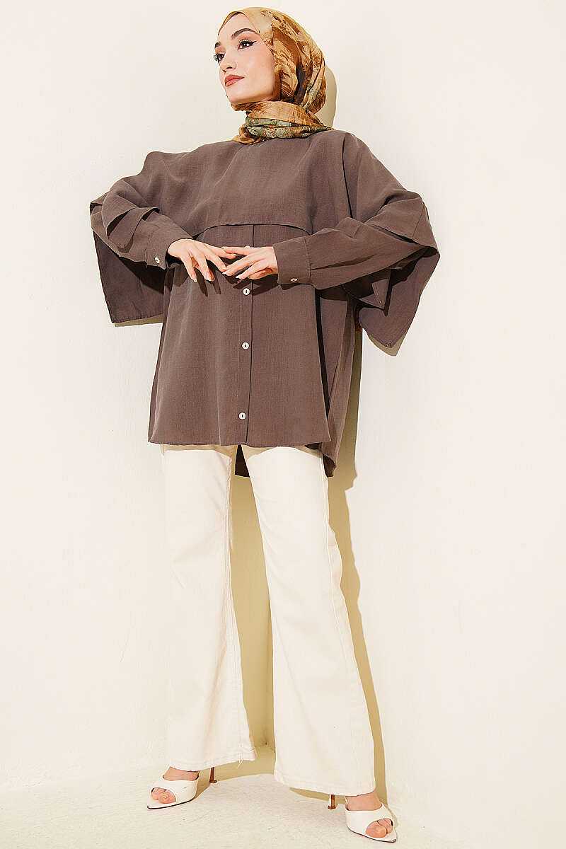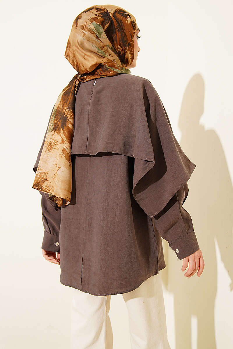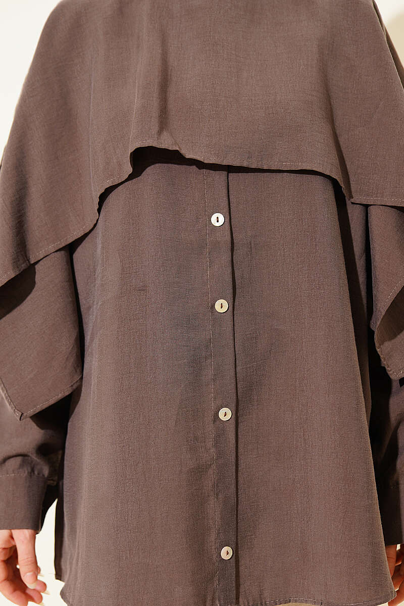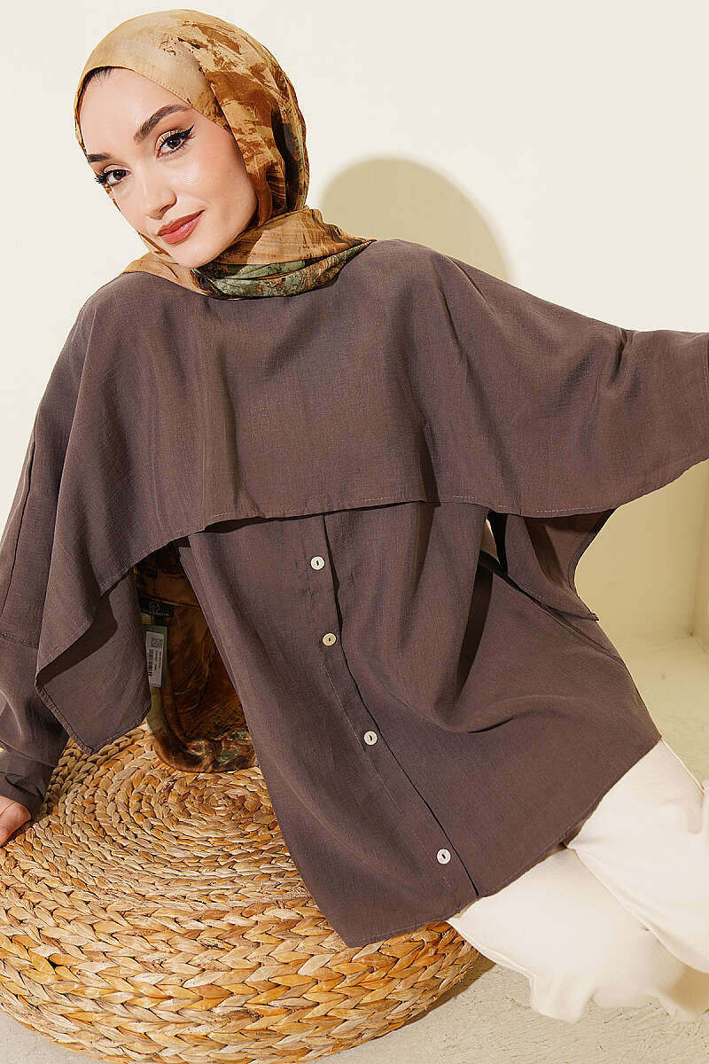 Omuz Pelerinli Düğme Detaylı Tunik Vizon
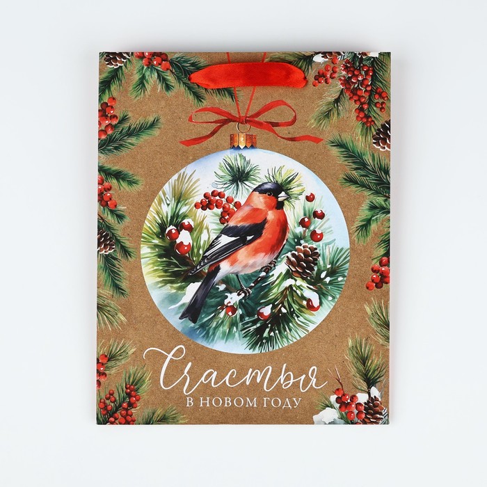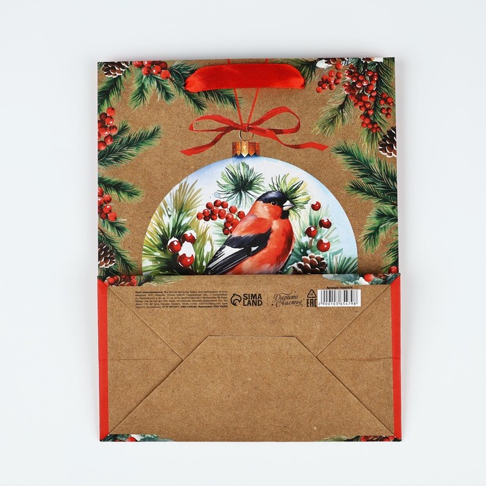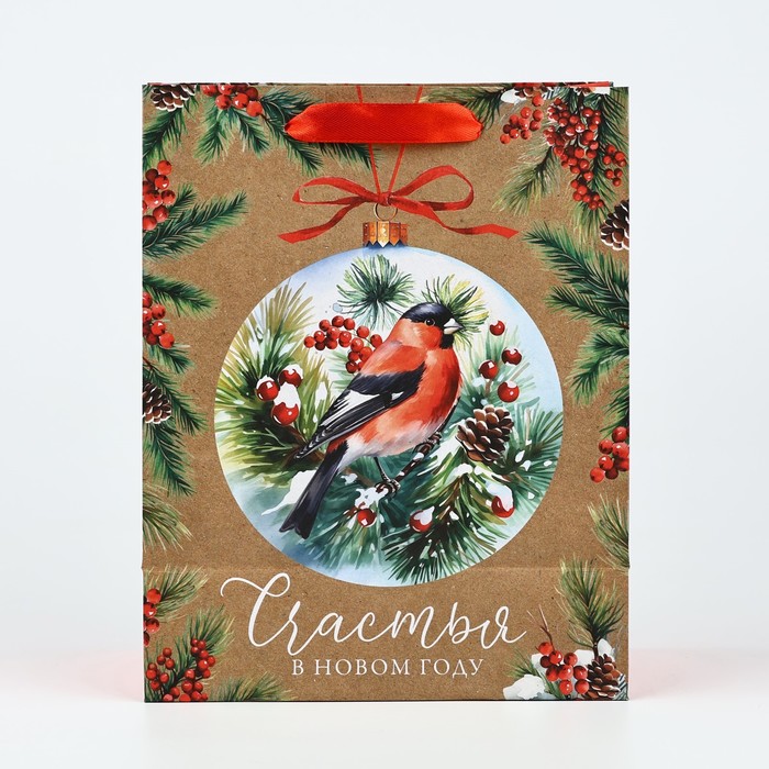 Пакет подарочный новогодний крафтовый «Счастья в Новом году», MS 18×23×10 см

··········

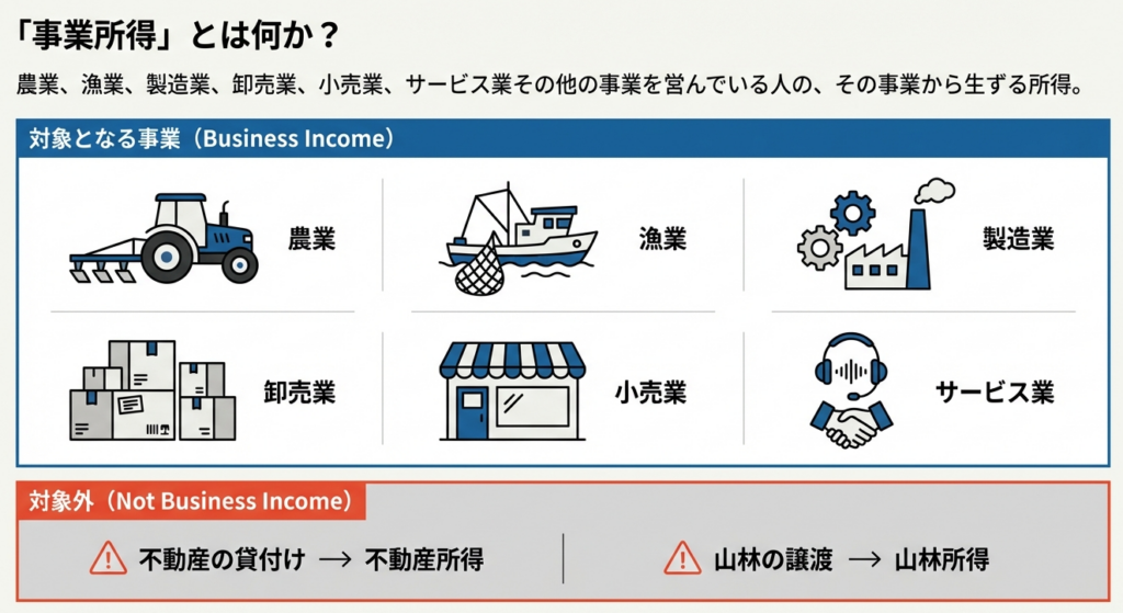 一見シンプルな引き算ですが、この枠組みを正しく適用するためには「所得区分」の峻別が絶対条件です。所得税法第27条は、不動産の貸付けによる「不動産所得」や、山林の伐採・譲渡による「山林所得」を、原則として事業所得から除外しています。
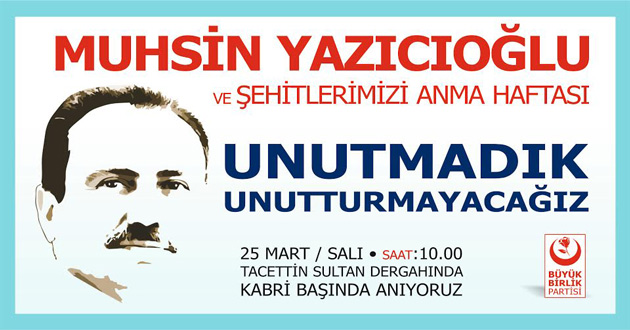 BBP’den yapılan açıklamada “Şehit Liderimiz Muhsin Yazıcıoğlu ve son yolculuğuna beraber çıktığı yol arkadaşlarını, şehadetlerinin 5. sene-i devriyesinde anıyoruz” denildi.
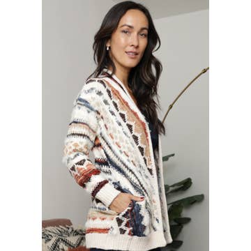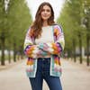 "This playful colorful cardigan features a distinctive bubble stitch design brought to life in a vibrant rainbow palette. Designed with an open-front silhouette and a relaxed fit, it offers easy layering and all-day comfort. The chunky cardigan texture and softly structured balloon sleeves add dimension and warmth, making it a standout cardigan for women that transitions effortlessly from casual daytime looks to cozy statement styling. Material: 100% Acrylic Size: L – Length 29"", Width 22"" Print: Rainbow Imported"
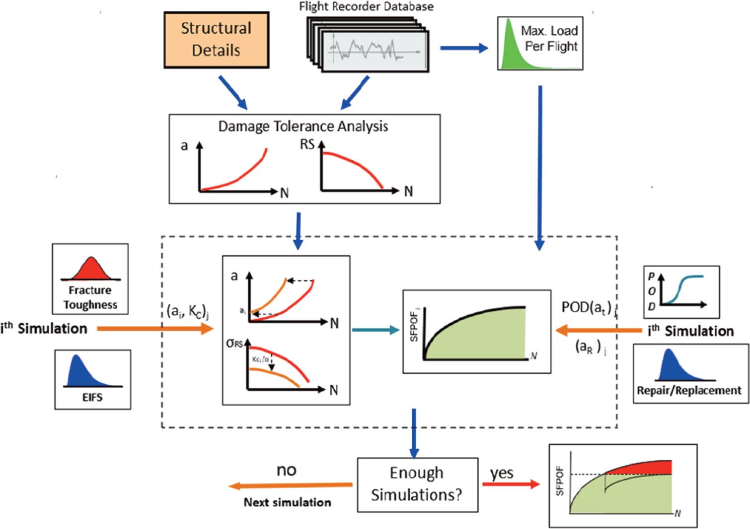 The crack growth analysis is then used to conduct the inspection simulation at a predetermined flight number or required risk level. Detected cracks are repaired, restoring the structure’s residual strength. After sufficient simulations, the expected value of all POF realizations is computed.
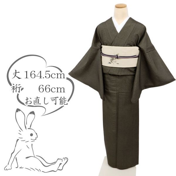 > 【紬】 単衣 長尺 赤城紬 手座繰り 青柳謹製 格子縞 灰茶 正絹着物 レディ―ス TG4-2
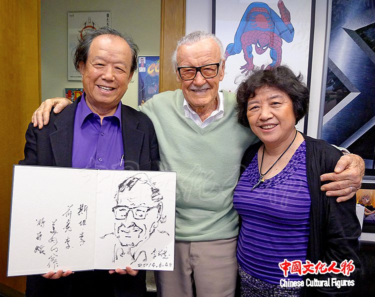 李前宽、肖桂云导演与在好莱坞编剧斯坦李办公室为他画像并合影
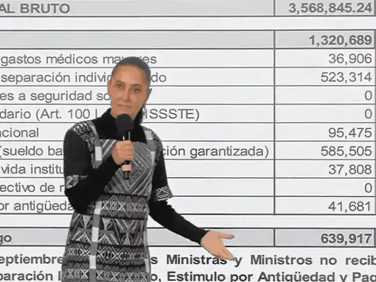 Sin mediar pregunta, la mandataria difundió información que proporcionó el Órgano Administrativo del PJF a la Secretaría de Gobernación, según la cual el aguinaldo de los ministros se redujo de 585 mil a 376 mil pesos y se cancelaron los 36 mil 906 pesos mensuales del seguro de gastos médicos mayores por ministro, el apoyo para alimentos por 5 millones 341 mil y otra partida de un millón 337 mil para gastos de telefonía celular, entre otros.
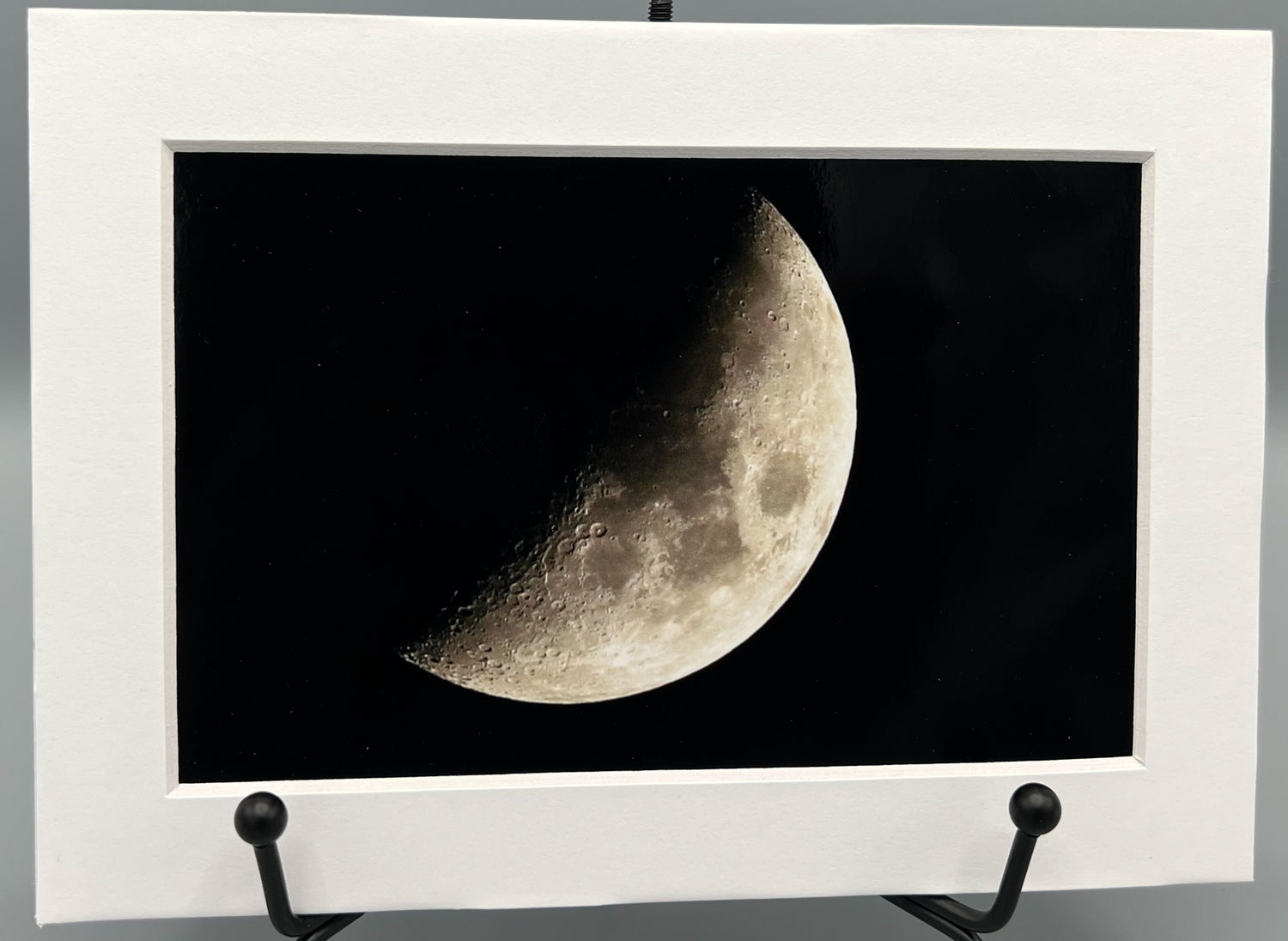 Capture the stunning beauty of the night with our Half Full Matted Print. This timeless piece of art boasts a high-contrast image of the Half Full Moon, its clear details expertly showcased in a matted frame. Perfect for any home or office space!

··········

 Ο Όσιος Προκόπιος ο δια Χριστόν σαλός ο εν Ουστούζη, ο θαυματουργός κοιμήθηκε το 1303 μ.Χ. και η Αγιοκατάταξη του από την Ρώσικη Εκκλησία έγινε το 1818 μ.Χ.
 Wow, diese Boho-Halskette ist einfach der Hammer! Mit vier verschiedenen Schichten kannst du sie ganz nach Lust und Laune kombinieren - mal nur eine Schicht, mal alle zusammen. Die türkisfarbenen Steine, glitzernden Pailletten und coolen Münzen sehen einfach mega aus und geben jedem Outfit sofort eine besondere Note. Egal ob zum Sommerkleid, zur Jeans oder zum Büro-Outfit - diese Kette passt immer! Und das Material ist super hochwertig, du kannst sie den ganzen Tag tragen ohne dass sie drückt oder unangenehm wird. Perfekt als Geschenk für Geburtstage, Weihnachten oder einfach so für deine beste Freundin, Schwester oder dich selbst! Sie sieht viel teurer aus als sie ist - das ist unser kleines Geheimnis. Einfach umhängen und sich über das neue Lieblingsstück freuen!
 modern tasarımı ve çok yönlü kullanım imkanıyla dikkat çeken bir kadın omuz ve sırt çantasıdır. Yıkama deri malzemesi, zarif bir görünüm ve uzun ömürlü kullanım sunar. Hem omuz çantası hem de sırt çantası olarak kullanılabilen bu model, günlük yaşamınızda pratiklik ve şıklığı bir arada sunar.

··········

## [TRY IT]
Transcribe the lines above exactly, beginning at the one with "Omuz Pelerinli Düğme Detaylı Tunik Vizon" and ending at the one with "Пакет подарочный новогодний". Include both; exclude the pictures.

## [ANSWER SECTION]
 Omuz Pelerinli Düğme Detaylı Tunik Vizon
 Пакет подарочный новогодний крафтовый «Счастья в Новом году», MS 18×23×10 см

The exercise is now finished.